There are significant links between innovative activities and GDP per capita, although measuring innovation is challenging. The connection between innovation and GDP has strengthened over time, particularly between 1913 and 1970.
Technological Trajectories
Each body of knowledge (paradigm) shapes and constrains the rates and direction of technical change, leading to regularities and invariances in the pattern of technical change.
Science and Technology
In this century, major innovations are increasingly science-based. Factors influencing scientific and technological knowledge include:
- Knowledge as new “properties of nature.”
- Development of new design tools.
- Training of applied researchers.
Technology contributes to science by:
- Providing new scientific challenges.
- Addressing scientific questions more efficiently.
A concern is that scientific research may become overly dependent on immediate economic interests, potentially undermining the ethos of science.
New Paradigms
The genesis of new paradigms should be separated from the processes leading to their dominance. For instance, the microelectronic paradigm was initially shaped by military requirements. Many factors influence paradigm development.
There’s little evidence that tighter appropriability regimes (patents, secrecy) foster innovation; in fact, they may inhibit it. Excessive intellectual property rights (IPR) can lead to too many owners, slowing down research due to potential blockages. Paradigms and dominant designs act as sources of variation-generation and “blindness-reduction.”
Social and political forces play a crucial role in selecting among potential paradigms and shaping the trajectories explored within each paradigm. The social shaping of technology is paramount.
There are profound reciprocal influences between technological, economic, and social factors. The accumulation of technological knowledge entails an inner logic and constraints that social or economic drivers can hardly overcome in the short term.
This co-evolutionary perspective presents “windows of opportunity” for social action and binding constraints inherited from history or available technologies. Micro-paradigms exhibit considerable invariances across countries, but their combination in broader national innovation systems displays variety, shaped by country-specific institutions, policies, and social factors. An evolutionary microfoundation is a fruitful starting point for larger contexts (national/international paradigms).
Complexity in Discrete Innovation Systems
Hirooka (2006) clarifies the complexity of innovation systems using a specific procedure. The innovation paradigm comprises three logistic trajectories: technology, development, and diffusion, each with a non-linear nature. There is no single logistic equation. In the electronics innovation paradigm, the development trajectory follows Moore’s Law.
Innovation diffusion obeys a logistic equation (the system is nonlinear). The innovation paradigm is a discrete system formed by knowledge transfer, making it complex. It has a latent period of technological development before product diffusion, which accelerates over time.
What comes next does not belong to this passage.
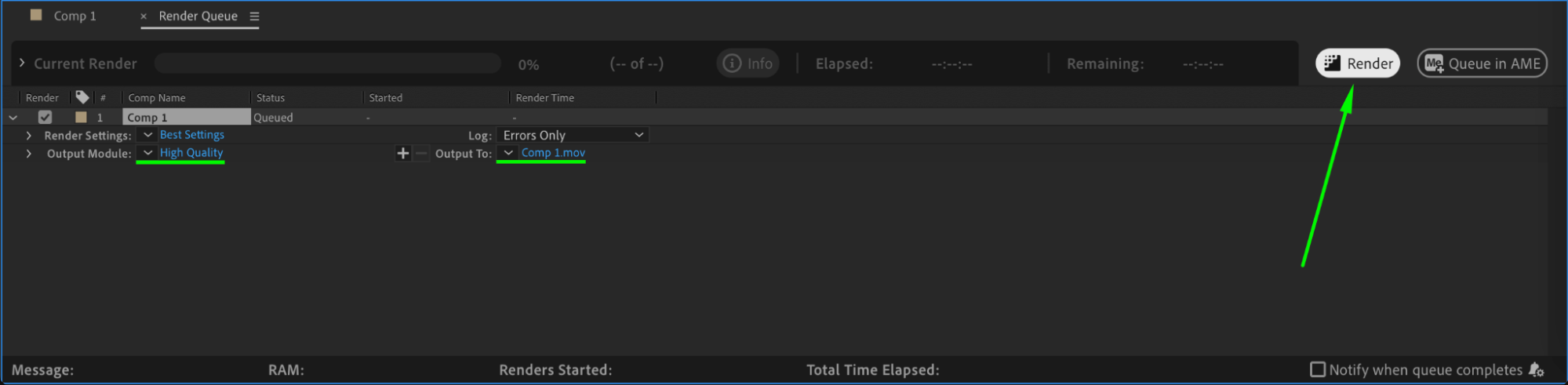 When satisfied with your animation, render your project. Go to Composition > Add to Render Queue, configure your output settings, and click Render. Choose a file format and resolution suitable for your project’s purpose.

Describing Innovation Diffusion
Innovation diffusion can be described by a logistic equation. The diffusion of new products is often influenced by economic turbulence (recession, war). However, in a sound economy, Hirooka demonstrates that the diffusion of innovation products follows a logistic equation.
Key observations:
- New product diffusion obeys a simple logistic equation during sound economic periods.
- Diffusion is easily disturbed by economic turbulence, causing demand to decrease and diverge from the original trajectory.
- After a recession, product diffusion resumes with the same slope as before, indicating an inherent trajectory with an intrinsic diffusion coefficient.